Further, regarding the recent improvement in HDD track density, the problem of interference with adjacent tracks has become apparent. In particular, reduction of writing blur due to the fringe effect of the recording head magnetic field is an important technical issue. Discrete track pattern media (discrete track media) that physically separates recording tracks can reduce the side erase phenomenon during recording, the side lead phenomenon during reproduction, etc., and can therefore increase the density in the cross-track direction. It can be expected to provide a high-density magnetic recording medium. In addition, since the discrete track medium is one type of the patterned medium, the patterned medium also includes a discrete track medium in this specification.
US Pat. No. 5,956,216 JP-A-7-85406

  In discrete track media and patterned media that physically divide recording tracks and recording cells, it is important to embed recesses between magnetic patterns with a nonmagnetic layer in order to ensure stable flying of the head. . However, since nonmagnetic materials used for embedding generally have high hardness, when the head comes into contact with the embedded nonmagnetic layer when a medium is installed in a drive and read / write is performed, a crack occurs in the nonmagnetic layer. There is a fear.

  An object of the present invention is to provide a magnetic recording medium (patterned medium) in which the strength of a nonmagnetic layer embedded between magnetic patterns is high.

  A magnetic recording medium according to an aspect of the present invention includes a soft magnetic layer formed on a substrate, a plurality of magnetic patterns made of a convex ferromagnetic material provided separately on the soft magnetic layer, and It comprises two or more nonmagnetic layers made of the same material and formed on the soft magnetic layer between a plurality of magnetic patterns.

  In the magnetic recording medium (patterned medium) of the present invention, the nonmagnetic layer embedded between the magnetic patterns is high in strength and exhibits high durability.

  Hereinafter, embodiments of the present invention will be described with reference to the drawings.

  FIG. 1 shows a plan view along the circumferential direction of a discrete track medium. As shown in FIG. 1, servo areas 10 and data areas 20 are alternately formed along the circumferential direction of the medium. The servo area 10 includes a preamble part 11, an address part 12, and a burst part 13. The data area 20 includes a recording track 21.

  FIG. 2 shows a plan view along the circumferential direction of the patterned medium. In the data region 20 of FIG. 2, magnetic dots 22 are formed in which the ferromagnetic layer is not only physically divided in the cross track direction but also physically divided in the down track direction.

  FIG. 3 is a cross-sectional view of the magnetic recording medium according to the first embodiment of the present invention. Here, a cross-sectional view of the data area is shown. A soft magnetic layer 32 is formed on the nonmagnetic substrate 31. On the soft magnetic layer 32, convex ferromagnetic layers 33 patterned in the form of discrete tracks or magnetic dots are separated from each other. A nonmagnetic layer 34 is embedded in the recesses between the patterned ferromagnetic layers 33. The nonmagnetic layer 34 has a multilayer structure of two or more layers made of the same material. Thus, the reason why the multi-layer structure is expressed in spite of the same material is that there is a deviation in density or composition in the thickness direction in the recess. The deviation of density or composition along the film thickness direction of the nonmagnetic layer 34 can be observed, for example, by a cross-sectional TEM.

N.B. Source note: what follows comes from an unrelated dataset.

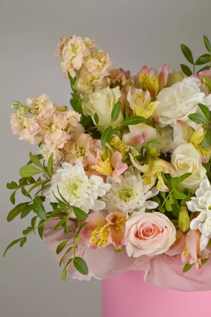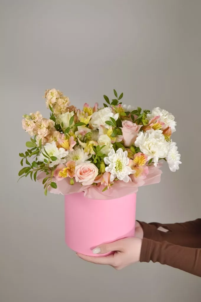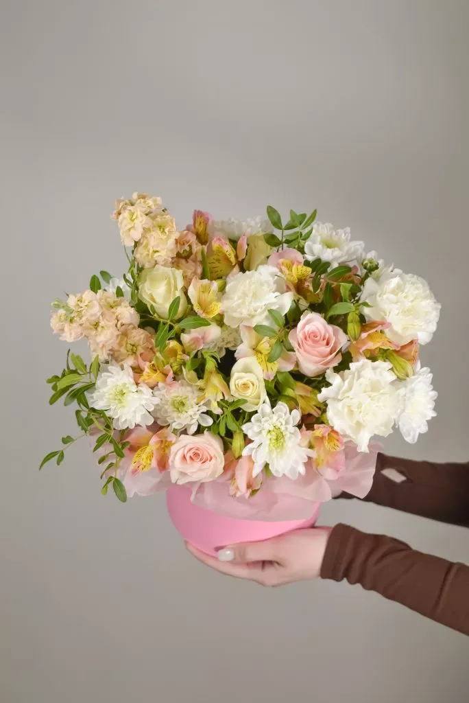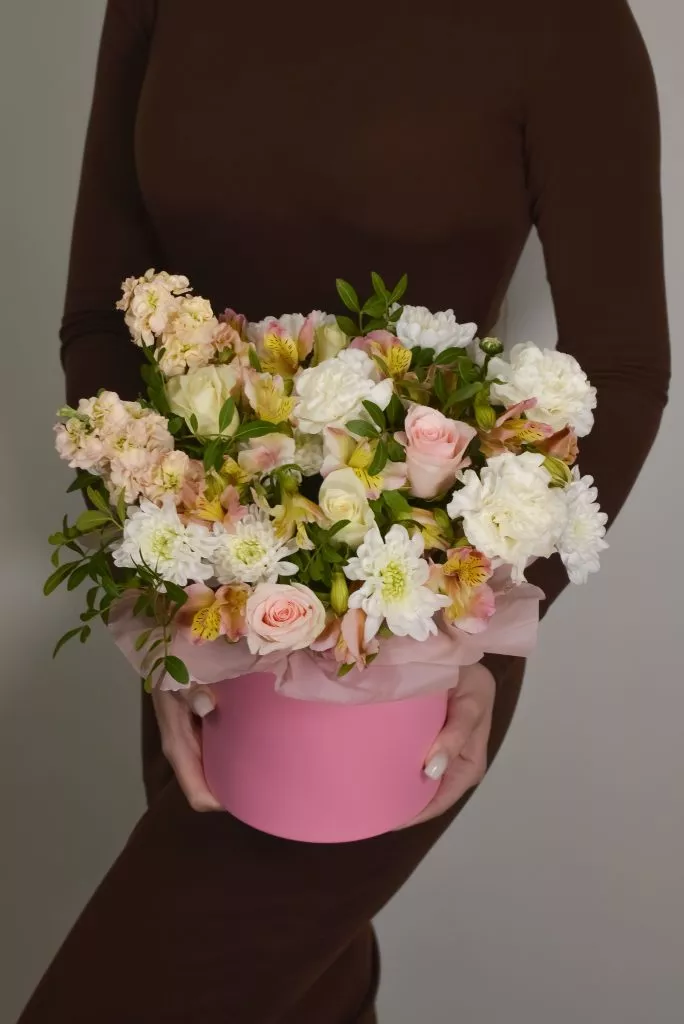Букет хризантем в коробке можно выбрать в различных цветах, что позволяет создать композицию, идеально подходящую для каждого случая. Яркие желтые, розовые, белые или красные хризантемы в коробке могут быть использованы для создания яркого и праздничного настроения. Это делает такой букет универсальным и подходящим как для романтических жестов, так и для торжественных мероприятий. Хризантемы в коробке — это также отличный выбор для украшения стола на праздниках, ведь они выглядят стильно и утонченно.

  Conventionally, the non-magnetic material used for embedding the recesses has a high hardness. Therefore, when the recording / reproducing head comes into contact with the drive, the non-magnetic layer 34 tends to crack and cause a head crash. However, in the magnetic recording medium according to the present embodiment, the multilayered nonmagnetic layer 34 is structurally flexible and can absorb impact. Therefore, cracks are unlikely to occur in the nonmagnetic layer 34 even if the head contacts. The number of multilayer nonmagnetic layers 34 is preferably at least two from the viewpoint of shock absorption. As the number of layers increases, the degree of impact absorption increases, but from the viewpoint of process time, 8 layers or less are preferable, and 10 layers or more are not preferable.

  As shown in FIG. 3, the nonmagnetic layer 34 used for filling the recesses may be used as a protective layer for the ferromagnetic layer 33.

  A protective layer 35 may be further formed on the ferromagnetic layer 33 as in the modification of the first embodiment shown in FIG. This is because when the nonmagnetic layer 34 is planarized, the surface of the ferromagnetic layer 33 may be exposed. In this case, it is preferable to form the protective layer 35.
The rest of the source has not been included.